→ **Requirement**
Each entry below should be restated word for word, without any picture it contains.
-.-.-
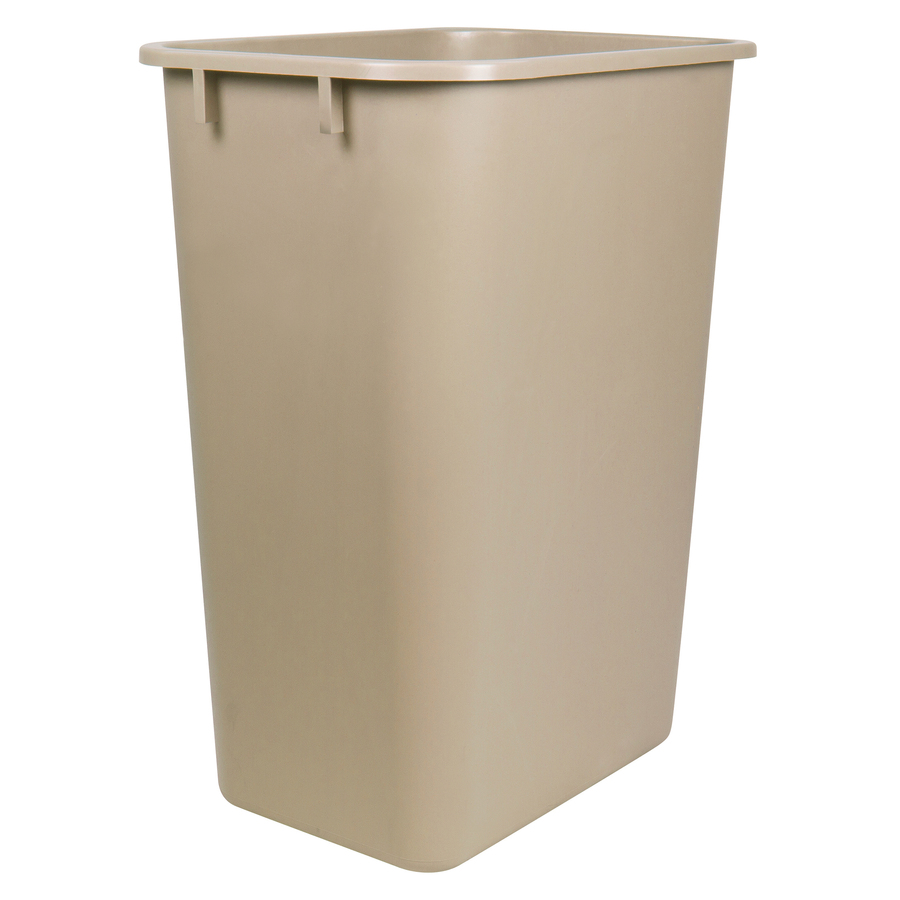 Washable waste basket features an all-plastic construction that will not rust, dent or chip. Compact size fits easily under standard desk heights or kitchen cabinets to keep unsightly waste hidden from view. Eco-friendly design is made from a high percentage of recycled material for a reduced impact to the environment. Rolled edge adds additional support and strength for long-lasting use.
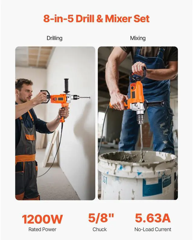 VEVOR Drill Mixer 1200W 0-750RPM Corded Electric Drill Mixers Set Concrete Mixer
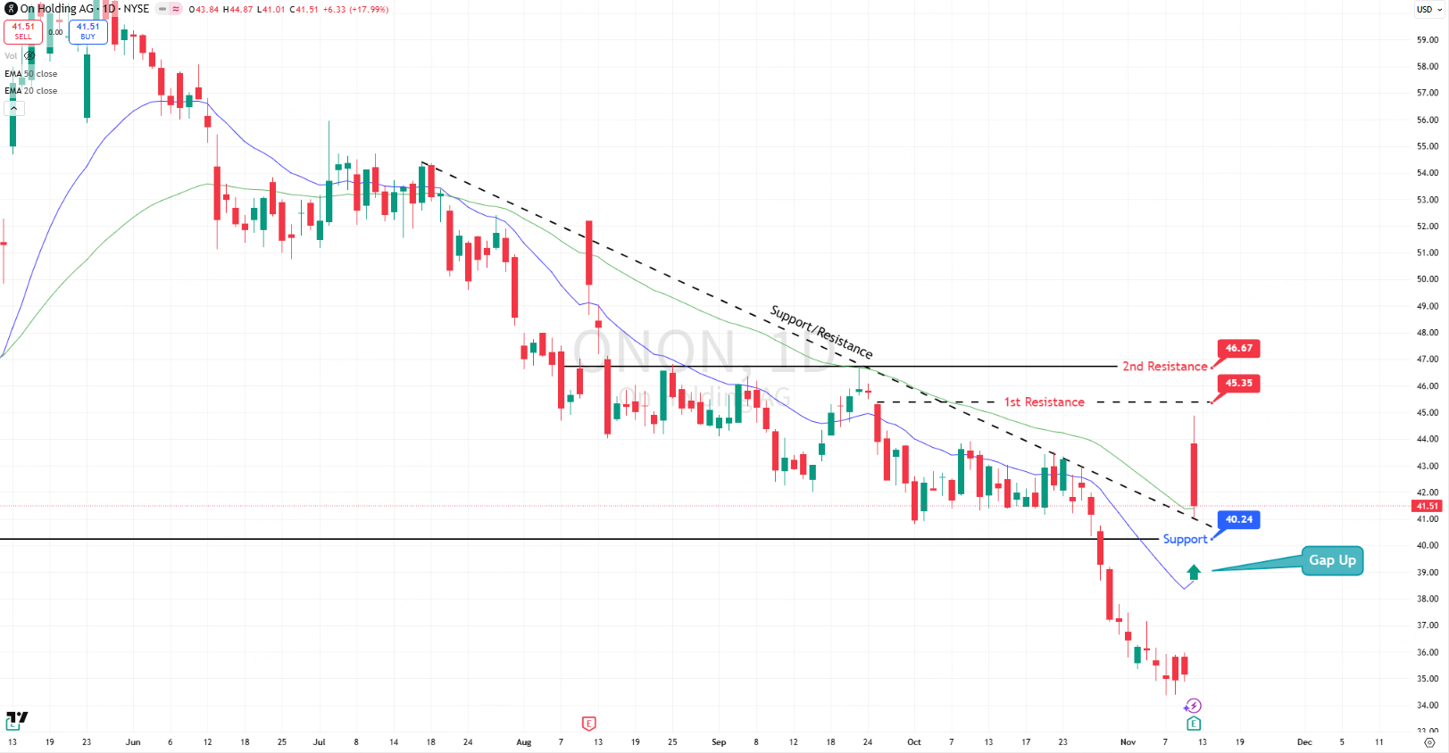 On Holding closed at $41.51, surging +17.99% after a major upside gap triggered by earnings.
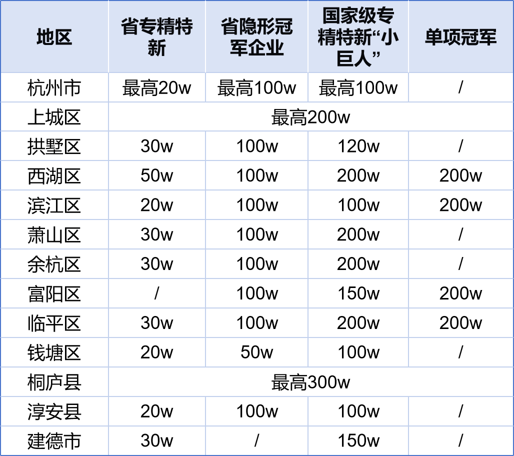 1.对首次认定的省级专精特新中小企业、国家级专精特新“小巨人”企业、省级隐形冠军企业、制造业单项冠军示范企业分别给予不超过20万元、100万元、100万元、200万元奖励。杭州市人民政府办公厅关于印发强化企业科技创新主体地位加快科技企业高质量发展若干措施的通知
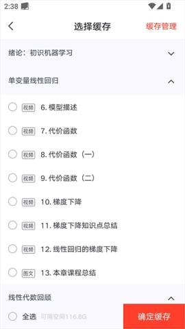 4、最后挑选心仪的课程章节,点击“确定缓存”,如此便能在任意时间、任意地点进行学习。
-.-.-
→ **Answer for this exercise**
 Washable waste basket features an all-plastic construction that will not rust, dent or chip. Compact size fits easily under standard desk heights or kitchen cabinets to keep unsightly waste hidden from view. Eco-friendly design is made from a high percentage of recycled material for a reduced impact to the environment. Rolled edge adds additional support and strength for long-lasting use.
 VEVOR Drill Mixer 1200W 0-750RPM Corded Electric Drill Mixers Set Concrete Mixer
 On Holding closed at $41.51, surging +17.99% after a major upside gap triggered by earnings.
 1.对首次认定的省级专精特新中小企业、国家级专精特新“小巨人”企业、省级隐形冠军企业、制造业单项冠军示范企业分别给予不超过20万元、100万元、100万元、200万元奖励。杭州市人民政府办公厅关于印发强化企业科技创新主体地位加快科技企业高质量发展若干措施的通知
 4、最后挑选心仪的课程章节,点击“确定缓存”,如此便能在任意时间、任意地点进行学习。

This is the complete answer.